Material provided —
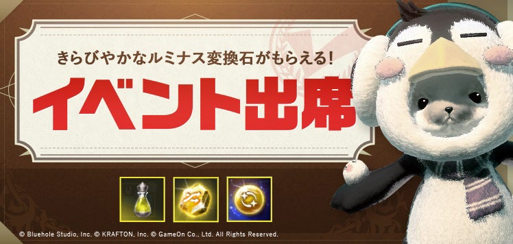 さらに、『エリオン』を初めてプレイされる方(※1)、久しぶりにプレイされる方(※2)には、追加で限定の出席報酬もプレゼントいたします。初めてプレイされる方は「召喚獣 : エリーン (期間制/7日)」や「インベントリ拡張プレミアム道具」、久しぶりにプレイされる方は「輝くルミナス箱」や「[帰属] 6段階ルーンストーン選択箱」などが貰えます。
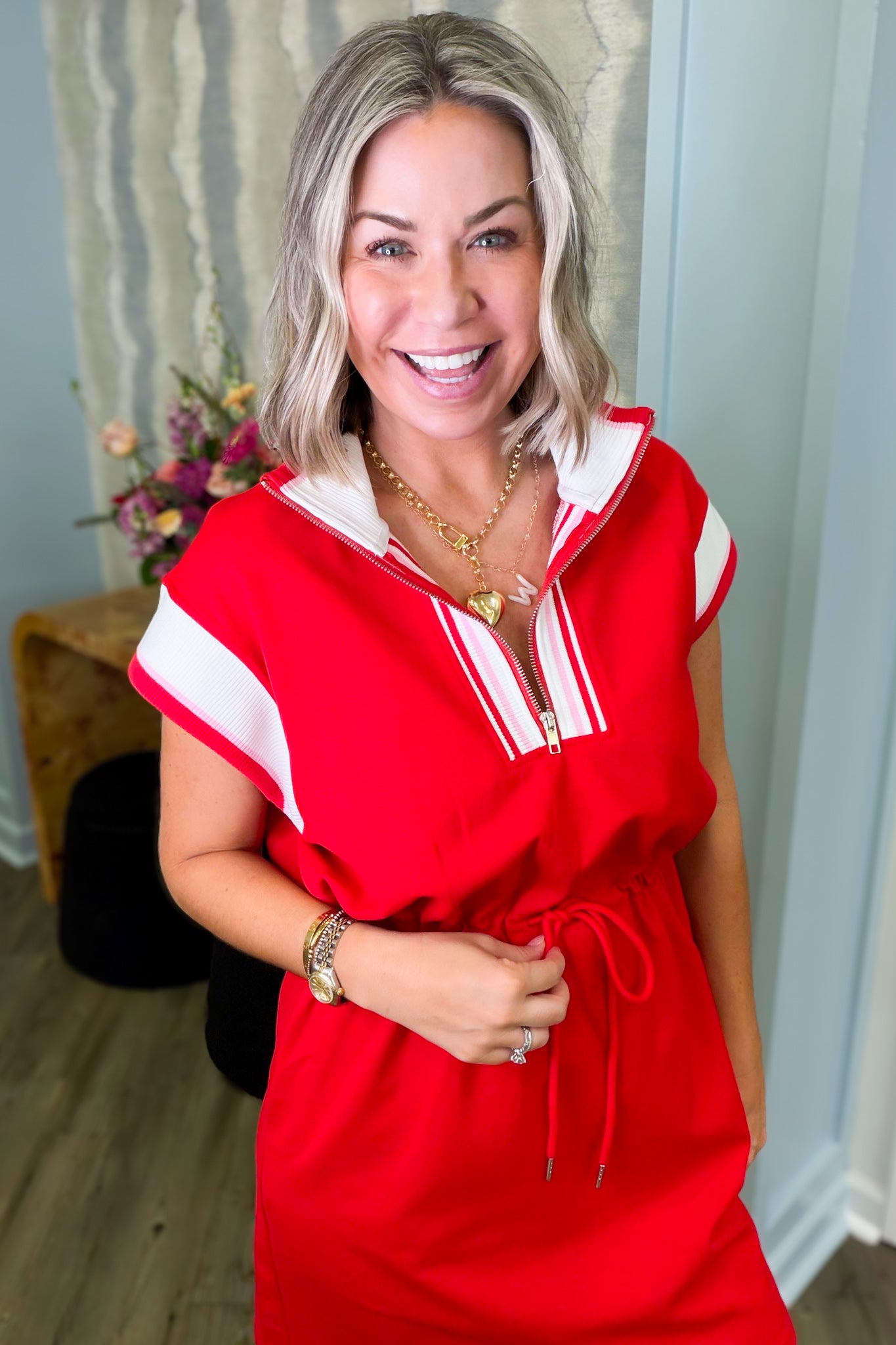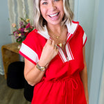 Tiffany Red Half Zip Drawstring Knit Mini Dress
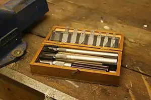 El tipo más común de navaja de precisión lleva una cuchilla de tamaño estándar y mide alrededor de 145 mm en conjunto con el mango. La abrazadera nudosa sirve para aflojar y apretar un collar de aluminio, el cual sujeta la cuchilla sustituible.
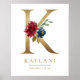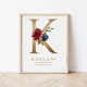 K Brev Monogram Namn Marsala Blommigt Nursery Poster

What you have to do —
Everything from the line containing "Tiffany Red Half" to the final line of the listing above, both ends included, should be transcribed word for word, except for the pictures.

Expected answer —
 Tiffany Red Half Zip Drawstring Knit Mini Dress
 El tipo más común de navaja de precisión lleva una cuchilla de tamaño estándar y mide alrededor de 145 mm en conjunto con el mango. La abrazadera nudosa sirve para aflojar y apretar un collar de aluminio, el cual sujeta la cuchilla sustituible.
 K Brev Monogram Namn Marsala Blommigt Nursery Poster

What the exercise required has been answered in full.